If politicians want to weigh in on the matter, maybe they should, but it
may be a very slippery slope they step onto.
There are truly very real moral and ethical dimensions to the
Schiavo situation. But there is one dimension that seems to be overlooked
in all the posturing and preening and positioning that is going on. This
would not have been an issue not too long ago. The reason why there is a
debate over whether or not to keep Terry alive is that we can. We have the
ability, the machinery, the know-how to keep her hydrated and fed.

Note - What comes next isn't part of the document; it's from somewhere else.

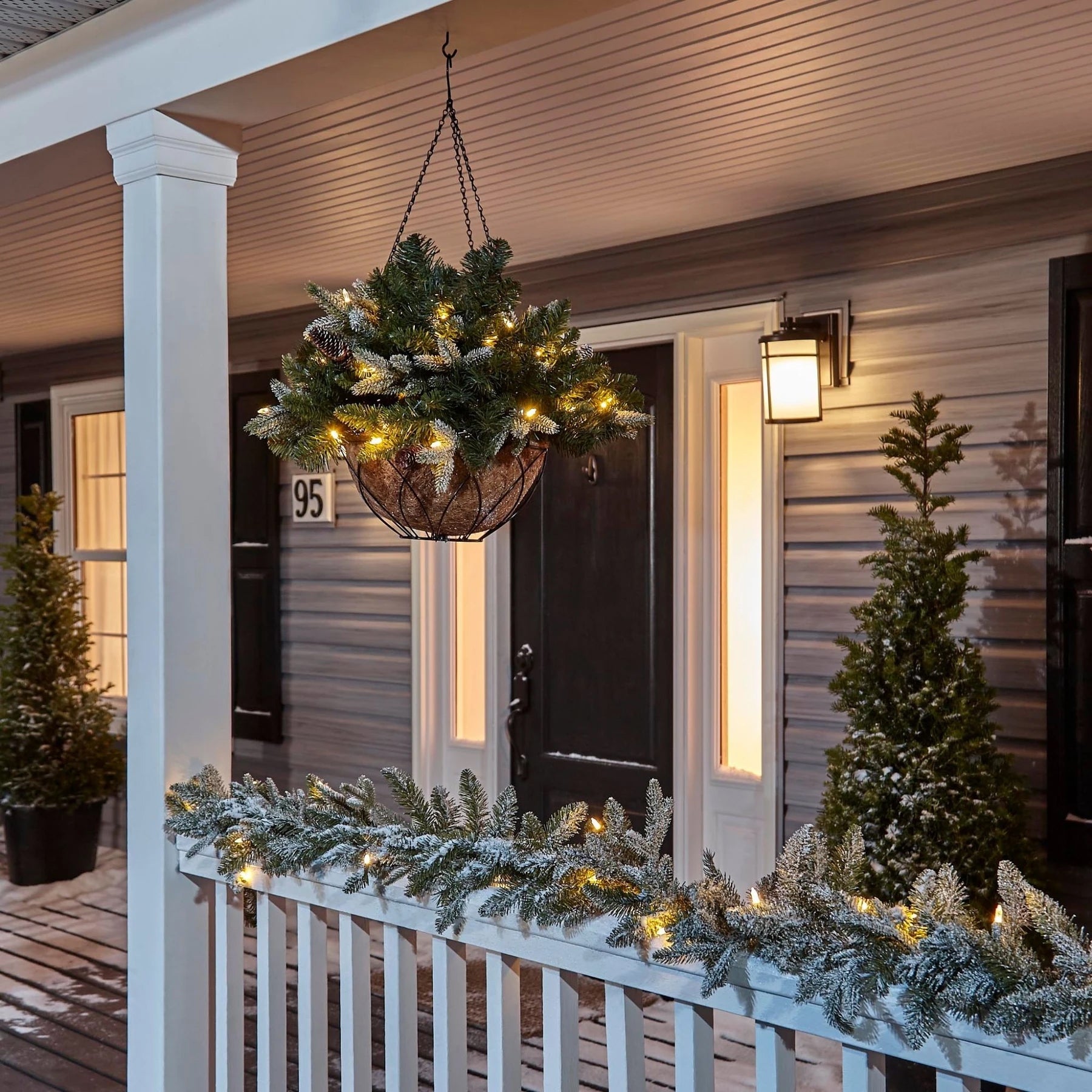 NOMA 24 Inch Evergreen Prelit Vienna Hanging Basket Holiday Decor (Used)

However, just because we can do something does not inherently mean
that we should. There is a theological principle that states we must
employ ordinary means to keep someone alive but we do not have to use
extraordinary means. To apply this principle to Terry means that the tube
should never have been removed. If that is the issue at hand, then
those who removed the tube and those who ruled it was legal to do so
erred.
But is that, was that, the real issue? I don’t think so. The real
issue is the “because we can” issue. Because we now can do something,
because we can transplant organs, keep new-borns alive, transfer stem
cells, keep Terry alive – and the list is getting longer and longer each
day – should we? Even more, do we now have a right to such procedures
simply because we can perform them even given the often exorbitant costs
involved?
When does the extraordinary become ordinary? When we can do it?

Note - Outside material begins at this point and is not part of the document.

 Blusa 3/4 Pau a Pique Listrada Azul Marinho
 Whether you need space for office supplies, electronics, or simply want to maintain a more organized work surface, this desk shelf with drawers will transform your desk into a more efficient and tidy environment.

When it is cost-effective? When success is probable? When? Then we add to
this the “quality of life” issue. No one will claim that there is any
quality to Terry’s life. But I have known quit a few parishioners, alive
and well and eating and breathing on their own, who wanted to die because
they found no quality to their lives. They were merely existing day to day
and falling off to sleep each night praying to God to take them home
before morning.
When we cannot do something, the issue is moot; but it is also an
excellent time to debate and discuss it. We should have had the “Terry
Schiavo Case” issue discussed thirty or forty years ago as a “when and
if” issue. We did not. Now we are ruing that failing. The church and
society have failed. We have failed. We now grope for answers to questions
we should have asked before they became questions. We now must deal with
real issues, not in some ideal, quiet setting, but before judge, jury, and
the prying eyes and endless questions of the media. And it’s our own
fault.
I am sorry for Terry and her family. They have all had to endure
too much and needlessly so if we had done our work a long time ago. But if
Terry’s case finally forces us to get to the heart of the matter, then
her family’s suffering and pain will not have be in vain.
There are many questions now to be asked, perhaps beginning with
“When does ‘because we can’ become a ‘must’”? Even more, who
ultimately decides? Who decides who ultimately decides? Those are just for
starters. For Terry’s sake, let us begin.